Anyone who sunk any kind of fantasy draft capital on Kris Bryant in his first year in Colorado is angry. The Colorado Rockies' new $182-million man has suffered through back problems, foot problems, and slumps, and it wouldn't surprise anyone if his season came to end with the Rockies shutting him down. As the Rockies looks to other players to fill the offensive gaps, no one is stepping up bigger this month than third baseman Ryan McMahon

In the last two weeks, McMahon is the fourth-best hitter in rotisserie formats. He is batting .364 with nine runs, four homers, 11 RBI, and two steals in that span. His production has been so good, in fact, that he has played in nine of the Rockies' last 10 games and has even moved up to second and fourth in the batting order in a few of them. In those two weeks, he ranks sixth in hitter WAR -- slightly behind players like Aaron Judge and Nolan Arenado.
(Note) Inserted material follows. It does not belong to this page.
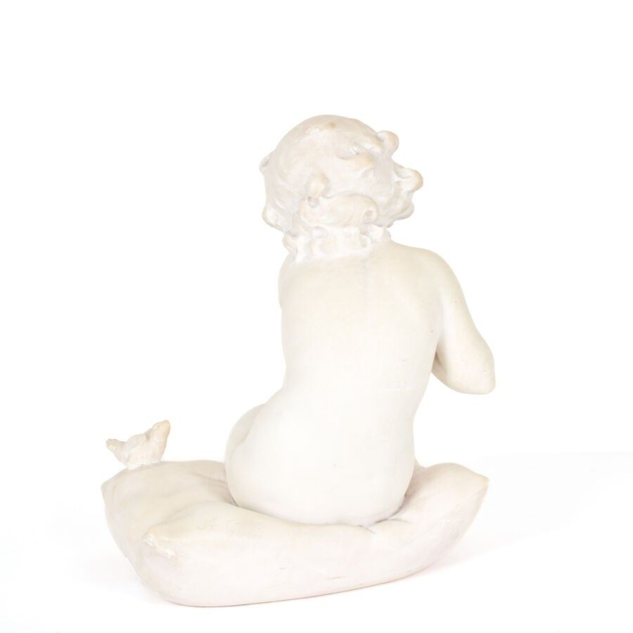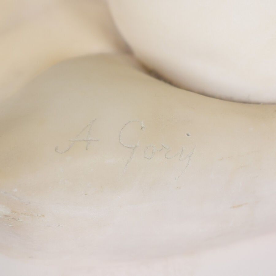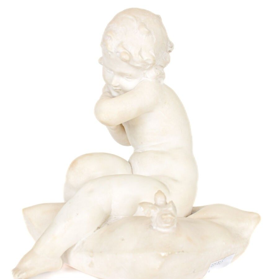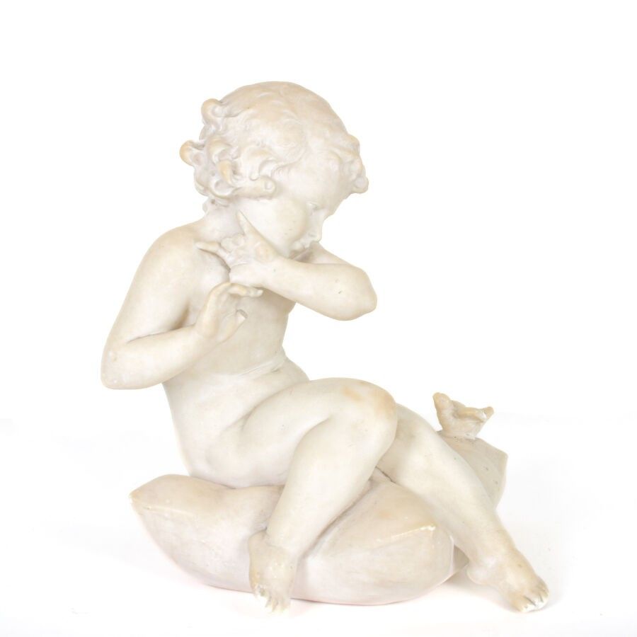 Affortunato GORI (1886-1925), "Young child with cushion and bird", white marble, 22 x 29 x 29 cm (small accident to the wing, chips to the thumb and middle finger).

McMahon's primary adjustment that has led to this success is his ability to lay off pitches outside of the zone. From the beginning of the season until June 22, McMahon's O-Swing% was around 32% for the year. On almost one-third of pitches outside the zone, he was swinging away. Combine that with a 60% contact rate on those pitches, and you end up with a lot of strikeouts. Since June 22, his O-Swing rate is down to just 24%, the 18th-best clip in the game. To give some context, McMahon's O-Swing rate in that time is identical to likely National League MVP Paul Goldschmidt's.

McMahon is rostered in only 69% of Yahoo leagues and is eligible at both second base and third base. This is a situation where you could possibly find a five-category contributor for your fantasy squads for free on the waiver wire.